== DATASET CONTENT

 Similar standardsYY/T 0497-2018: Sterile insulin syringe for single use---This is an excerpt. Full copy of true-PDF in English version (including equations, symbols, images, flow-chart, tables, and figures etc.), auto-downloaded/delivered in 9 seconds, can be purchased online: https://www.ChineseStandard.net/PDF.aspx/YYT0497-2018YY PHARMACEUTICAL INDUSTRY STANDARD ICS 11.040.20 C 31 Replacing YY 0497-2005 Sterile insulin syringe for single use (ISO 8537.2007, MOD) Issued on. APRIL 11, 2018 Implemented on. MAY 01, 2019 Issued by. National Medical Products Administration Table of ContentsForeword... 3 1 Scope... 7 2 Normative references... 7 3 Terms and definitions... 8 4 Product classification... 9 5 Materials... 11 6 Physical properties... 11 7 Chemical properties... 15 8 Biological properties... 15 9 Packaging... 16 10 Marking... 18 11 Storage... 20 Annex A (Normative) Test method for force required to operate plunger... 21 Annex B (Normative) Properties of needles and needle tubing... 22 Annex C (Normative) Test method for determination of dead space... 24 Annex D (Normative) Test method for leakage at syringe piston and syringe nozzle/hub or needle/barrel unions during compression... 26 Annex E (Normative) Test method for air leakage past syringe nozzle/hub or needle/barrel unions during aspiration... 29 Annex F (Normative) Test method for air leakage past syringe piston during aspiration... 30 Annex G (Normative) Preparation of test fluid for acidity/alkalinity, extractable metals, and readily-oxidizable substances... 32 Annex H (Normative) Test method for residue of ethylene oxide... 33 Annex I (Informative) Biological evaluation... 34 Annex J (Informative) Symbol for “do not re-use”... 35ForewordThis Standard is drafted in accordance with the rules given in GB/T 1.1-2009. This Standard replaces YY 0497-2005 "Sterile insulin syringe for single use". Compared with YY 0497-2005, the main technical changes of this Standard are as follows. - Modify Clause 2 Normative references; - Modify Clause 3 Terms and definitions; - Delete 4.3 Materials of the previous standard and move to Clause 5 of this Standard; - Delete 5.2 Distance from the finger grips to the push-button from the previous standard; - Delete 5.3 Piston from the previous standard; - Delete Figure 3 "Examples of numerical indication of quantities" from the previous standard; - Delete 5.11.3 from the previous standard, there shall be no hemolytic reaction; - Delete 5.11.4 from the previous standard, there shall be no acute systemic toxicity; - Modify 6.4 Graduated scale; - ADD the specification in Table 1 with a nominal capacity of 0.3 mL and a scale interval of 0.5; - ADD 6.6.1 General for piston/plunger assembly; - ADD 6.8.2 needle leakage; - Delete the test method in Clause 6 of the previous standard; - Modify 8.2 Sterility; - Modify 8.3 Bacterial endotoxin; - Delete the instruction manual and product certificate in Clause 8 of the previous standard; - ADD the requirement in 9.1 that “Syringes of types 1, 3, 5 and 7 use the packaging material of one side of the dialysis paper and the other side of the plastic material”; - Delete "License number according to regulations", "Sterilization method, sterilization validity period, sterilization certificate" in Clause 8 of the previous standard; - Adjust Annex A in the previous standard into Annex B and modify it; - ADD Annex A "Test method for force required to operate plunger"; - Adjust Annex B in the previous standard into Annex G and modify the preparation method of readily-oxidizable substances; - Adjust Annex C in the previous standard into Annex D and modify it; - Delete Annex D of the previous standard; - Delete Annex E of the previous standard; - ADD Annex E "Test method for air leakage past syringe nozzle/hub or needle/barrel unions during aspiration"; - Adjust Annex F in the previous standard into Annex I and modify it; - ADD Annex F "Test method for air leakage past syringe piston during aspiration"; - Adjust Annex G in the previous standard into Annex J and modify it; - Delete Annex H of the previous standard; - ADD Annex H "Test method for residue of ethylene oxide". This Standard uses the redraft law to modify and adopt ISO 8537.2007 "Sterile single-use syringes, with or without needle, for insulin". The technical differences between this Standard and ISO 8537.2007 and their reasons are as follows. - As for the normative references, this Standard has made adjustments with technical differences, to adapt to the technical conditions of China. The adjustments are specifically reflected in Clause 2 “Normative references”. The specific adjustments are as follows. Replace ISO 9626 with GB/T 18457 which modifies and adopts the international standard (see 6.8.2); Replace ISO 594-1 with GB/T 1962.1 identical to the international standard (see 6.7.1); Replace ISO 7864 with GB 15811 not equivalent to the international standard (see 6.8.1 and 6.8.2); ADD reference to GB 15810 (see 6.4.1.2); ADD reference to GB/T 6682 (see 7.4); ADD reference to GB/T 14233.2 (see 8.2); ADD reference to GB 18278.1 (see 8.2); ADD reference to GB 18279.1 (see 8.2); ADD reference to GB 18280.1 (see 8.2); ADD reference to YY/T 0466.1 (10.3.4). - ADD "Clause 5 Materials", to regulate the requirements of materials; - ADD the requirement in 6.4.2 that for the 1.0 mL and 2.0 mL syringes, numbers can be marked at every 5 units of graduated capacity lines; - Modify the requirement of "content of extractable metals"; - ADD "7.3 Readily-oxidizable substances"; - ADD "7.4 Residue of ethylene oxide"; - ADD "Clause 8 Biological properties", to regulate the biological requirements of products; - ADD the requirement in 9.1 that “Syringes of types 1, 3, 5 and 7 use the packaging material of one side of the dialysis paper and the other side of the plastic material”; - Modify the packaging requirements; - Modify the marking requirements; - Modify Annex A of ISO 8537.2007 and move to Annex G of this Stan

====
== DATASET CONTENT

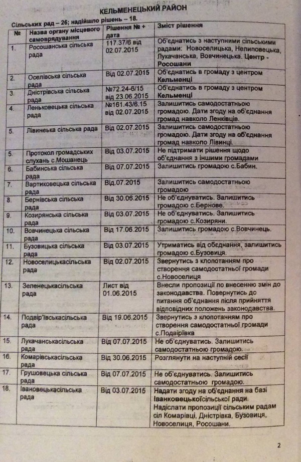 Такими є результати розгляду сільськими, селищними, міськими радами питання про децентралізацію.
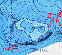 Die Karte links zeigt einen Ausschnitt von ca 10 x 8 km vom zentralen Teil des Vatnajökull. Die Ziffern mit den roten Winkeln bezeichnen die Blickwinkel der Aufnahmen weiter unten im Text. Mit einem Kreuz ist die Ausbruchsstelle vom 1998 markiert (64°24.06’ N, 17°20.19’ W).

====
== DATASET CONTENT

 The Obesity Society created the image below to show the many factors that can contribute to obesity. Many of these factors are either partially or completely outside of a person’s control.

====

> WORK ITEM
With pictures omitted, repeat the entries above word for word from the line holding "Такими є результати" down to the line holding "Die Karte links", keeping both of those lines.

> TASK RESULT
 Такими є результати розгляду сільськими, селищними, міськими радами питання про децентралізацію.
 Die Karte links zeigt einen Ausschnitt von ca 10 x 8 km vom zentralen Teil des Vatnajökull. Die Ziffern mit den roten Winkeln bezeichnen die Blickwinkel der Aufnahmen weiter unten im Text. Mit einem Kreuz ist die Ausbruchsstelle vom 1998 markiert (64°24.06’ N, 17°20.19’ W).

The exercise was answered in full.